### DIRECTIONS:
Would you restate every entry that follows, word for word, and leave out the pictures?

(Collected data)
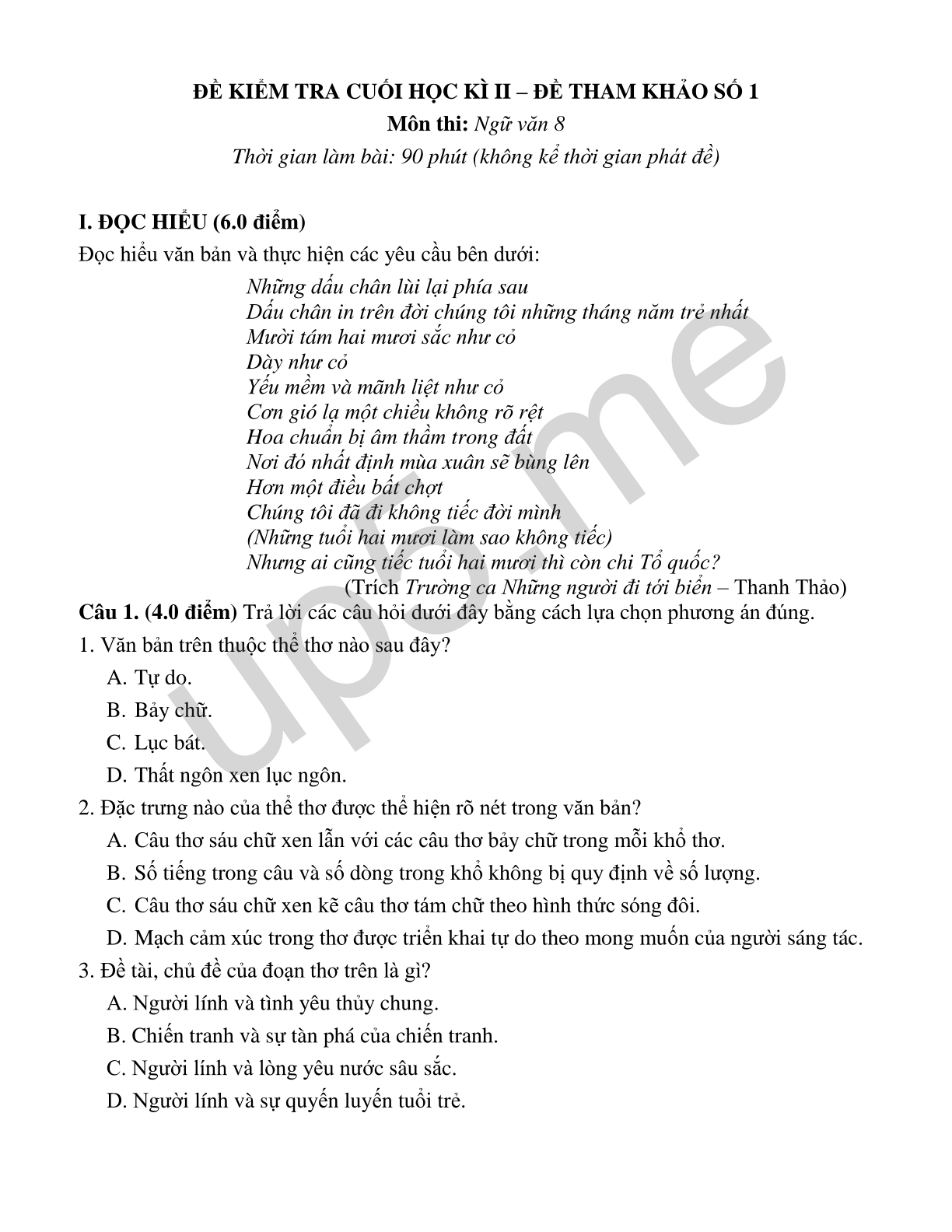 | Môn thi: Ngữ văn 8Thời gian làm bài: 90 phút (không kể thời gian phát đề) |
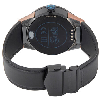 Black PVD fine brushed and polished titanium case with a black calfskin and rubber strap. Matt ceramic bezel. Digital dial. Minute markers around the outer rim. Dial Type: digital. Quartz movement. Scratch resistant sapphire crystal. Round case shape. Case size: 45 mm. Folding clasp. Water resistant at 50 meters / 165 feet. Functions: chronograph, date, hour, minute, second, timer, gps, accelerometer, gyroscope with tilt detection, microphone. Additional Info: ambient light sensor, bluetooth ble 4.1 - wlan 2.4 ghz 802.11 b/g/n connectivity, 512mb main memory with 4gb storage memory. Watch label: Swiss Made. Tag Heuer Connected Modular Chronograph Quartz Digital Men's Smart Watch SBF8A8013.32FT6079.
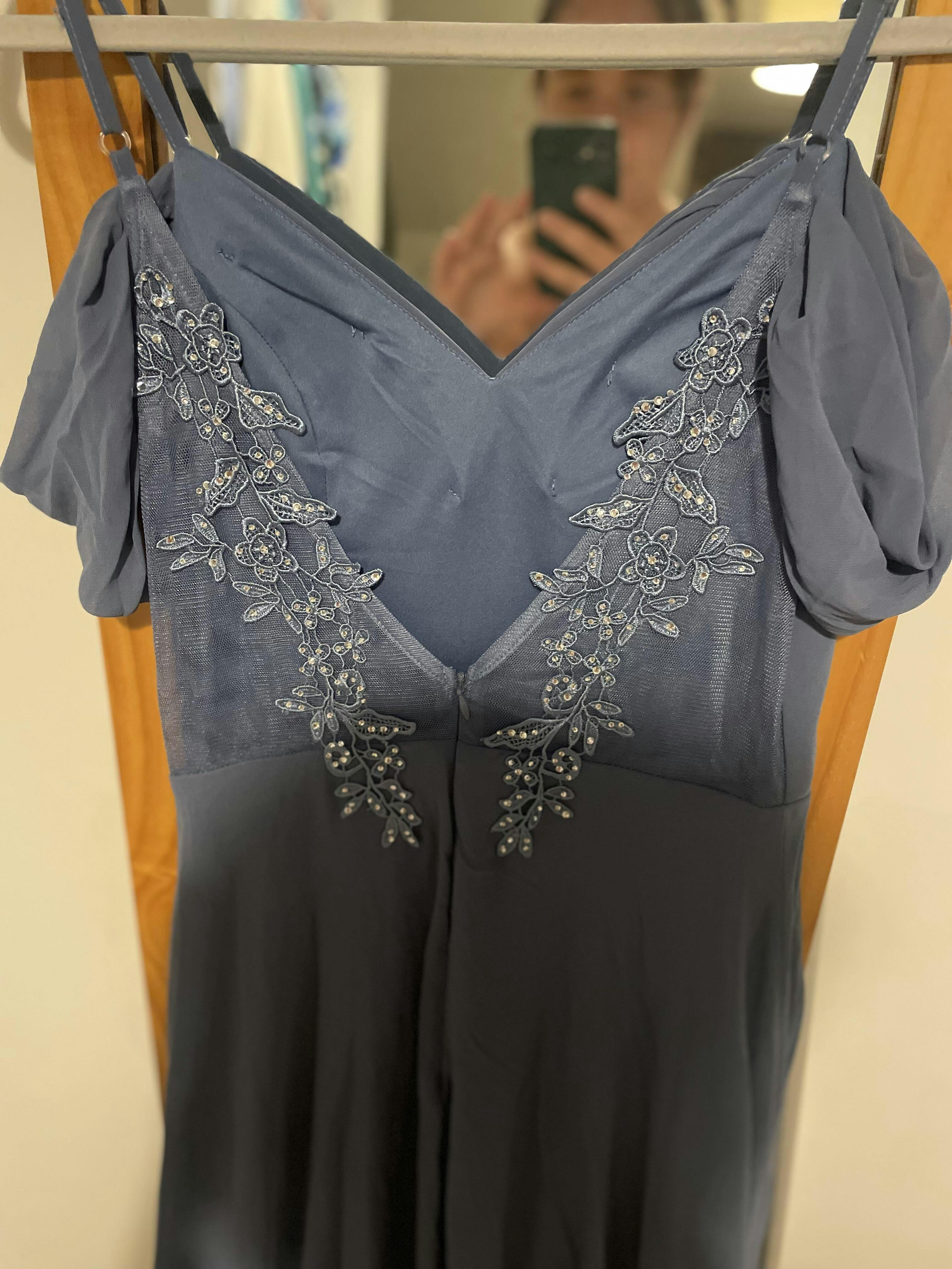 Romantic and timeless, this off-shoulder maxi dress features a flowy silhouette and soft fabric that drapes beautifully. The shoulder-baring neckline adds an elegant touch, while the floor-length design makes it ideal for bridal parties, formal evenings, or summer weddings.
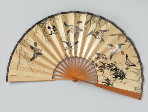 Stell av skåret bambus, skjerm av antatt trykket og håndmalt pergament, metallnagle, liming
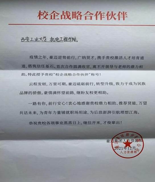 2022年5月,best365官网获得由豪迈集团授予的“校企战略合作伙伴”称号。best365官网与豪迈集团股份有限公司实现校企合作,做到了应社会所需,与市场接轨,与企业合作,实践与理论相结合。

### ANSWER AREA:
 | Môn thi: Ngữ văn 8Thời gian làm bài: 90 phút (không kể thời gian phát đề) |
 Black PVD fine brushed and polished titanium case with a black calfskin and rubber strap. Matt ceramic bezel. Digital dial. Minute markers around the outer rim. Dial Type: digital. Quartz movement. Scratch resistant sapphire crystal. Round case shape. Case size: 45 mm. Folding clasp. Water resistant at 50 meters / 165 feet. Functions: chronograph, date, hour, minute, second, timer, gps, accelerometer, gyroscope with tilt detection, microphone. Additional Info: ambient light sensor, bluetooth ble 4.1 - wlan 2.4 ghz 802.11 b/g/n connectivity, 512mb main memory with 4gb storage memory. Watch label: Swiss Made. Tag Heuer Connected Modular Chronograph Quartz Digital Men's Smart Watch SBF8A8013.32FT6079.
 Romantic and timeless, this off-shoulder maxi dress features a flowy silhouette and soft fabric that drapes beautifully. The shoulder-baring neckline adds an elegant touch, while the floor-length design makes it ideal for bridal parties, formal evenings, or summer weddings.
 Stell av skåret bambus, skjerm av antatt trykket og håndmalt pergament, metallnagle, liming
 2022年5月,best365官网获得由豪迈集团授予的“校企战略合作伙伴”称号。best365官网与豪迈集团股份有限公司实现校企合作,做到了应社会所需,与市场接轨,与企业合作,实践与理论相结合。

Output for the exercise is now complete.